Our research focuses on describing the effects of reversible, covalent phosphorylation (His-Asp two component signalling) and noncovalent phosphates (cyclic nucleotide monophosphate (cAMP), ATP, ADP and AMP) on protein conformational dynamics. Ongoing research areas include role of phosphodiesterases (PDEs) in cAMP homeostasis and allosteric effects of histidine phosphorylation and phosphotransfer to aspartates in two-component signalling.
How viruses use their quaternary coat protein structures as thermodynamic sensors for detecting entry into a conducive host cell environment is largely unknown. Amide Hydrogen/Deuterium Exchange Mass Spectrometry (HDX-MS) can be used to monitor whole viral particle dynamics in solution. A map of the quaternary structural changes in disassembly state offers critical insights into cryptic epitopes as novel vaccine targets. Our research has pioneered structural mass spectrometry characterization of temperature and divalent cation-dependent conformational changes on Dengue virus and Turnip Crinkle Virus (TCV) and mapped the specific disassembly processes in these two model virus systems. We have extended these studies to deconstruct the whole viral particle-antibody (DENV2-2D22) complex. These results provide powerful new targets for therapeutic antibody design as well as offer fundamental insights into strategically timed viral disassembly processes which can be extended to all viruses.
We seek to probe the dynamics of membrane proteins with an emphasis on signalling receptors with transmembrane domains by a combination of biophysical methods including cross-linking, fluorescence and structural mass spectrometry. Ongoing projects include EnvZ osmosensing receptor, OmpF porin in E. coli and GPCRs in eukaryotes. The research focus is on describing lipid-mediated changes in receptor dynamics and transmembrane signalling.
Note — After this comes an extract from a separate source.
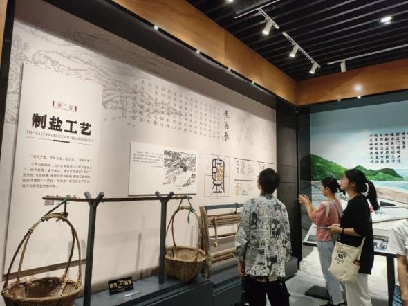 馬岙自古以來就是舟山主要產鹽地,始于夏商,盛于唐宋,清道光初為板曬,直到解放后改灘曬,鹽民才擺脫“一擔鹽,百擔泥”的勞苦制鹽方式,進入科學曬鹽的新時期。從海鹽生產工藝發展史中,調研團成員們明白了科學利用先進生產工藝才能減輕鹽民的勞動強度和提高生產效率。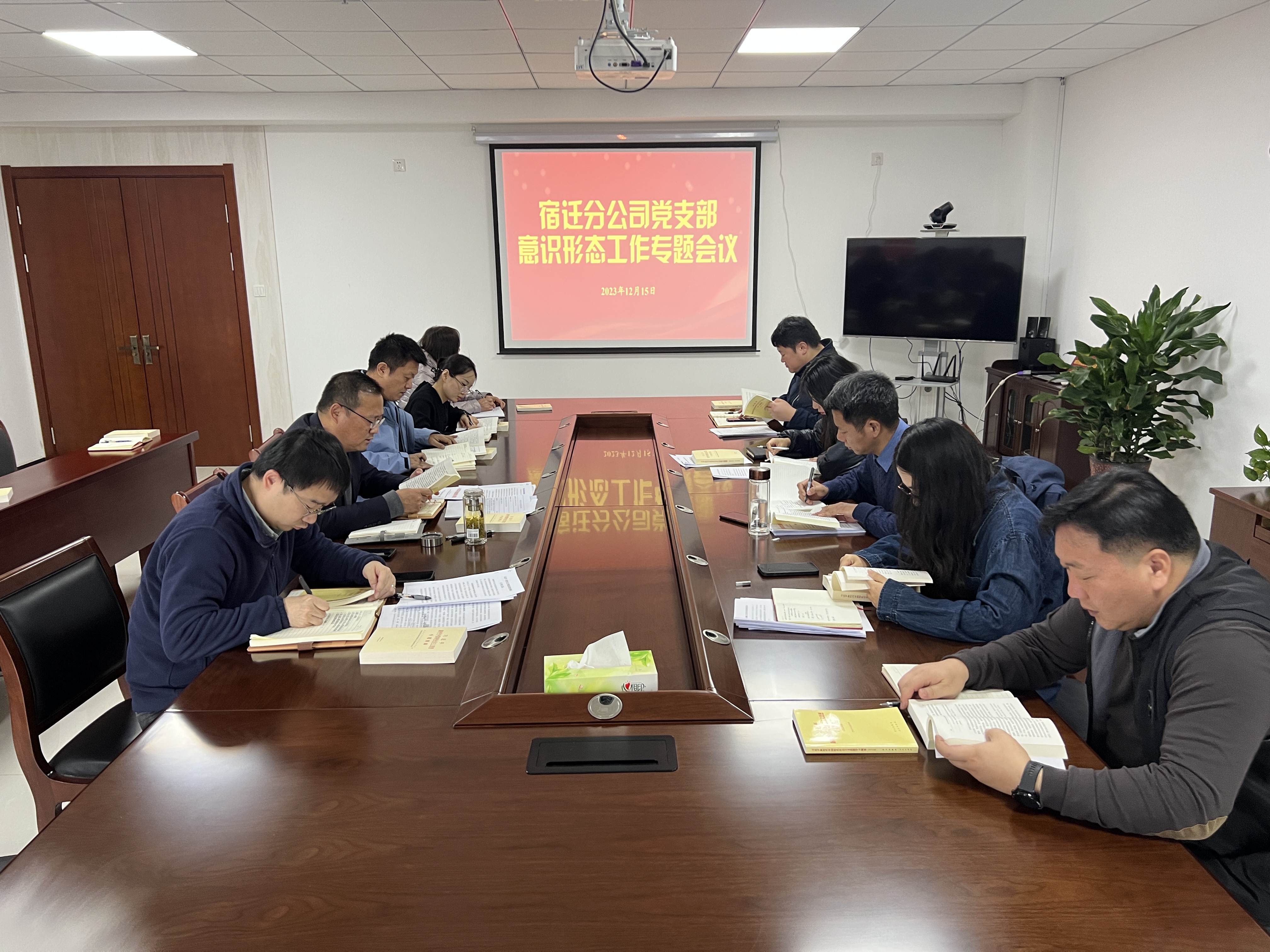 12月15日,宿遷分公司黨支部召開意識(shí)形態(tài)工作專題會(huì)議,深入學(xué)習(xí)領(lǐng)會(huì)習(xí)近平總書記關(guān)于意識(shí)形態(tài)工作的重要論述。黨支部負(fù)責(zé)人主持會(huì)議并講話,全體員工參加會(huì)議。

HDX-MS is being applied to identify lead fragment compounds by mapping the regions of the protein that show altered dynamics in the presence of weak affinity ligands. These maps are being used to rank and develop weak affinity fragments into more specific high affinity leads.
A powerful method to probe dynamics in solution is amide hydrogen/deuterium exchange (HDX) which uses polypeptide backbone amide hydrogens as conformational probes. This exchange is dependent on structure (H-bonding), neighborhood effects and macromolecular interactions and is a readout of conformational flexibility in the millisecond-minute timescale. HDX-MS is especially useful as a comparative technique for probing conformational dynamics of proteins under biologically-relevant perturbations including post-translational modifications, protein, lipid, nucleic acid and ligand interactions. Our group seeks to develop HDXMS and ion mobility mass spectrometry methods and applications in protein dynamics.
Molecular dynamics (MD) simulations are used to model biophysical information from HDX-MS to develop models for allostery in signalling proteins, mapping protein-protein interactions and resolving timescales of protein dynamic processes.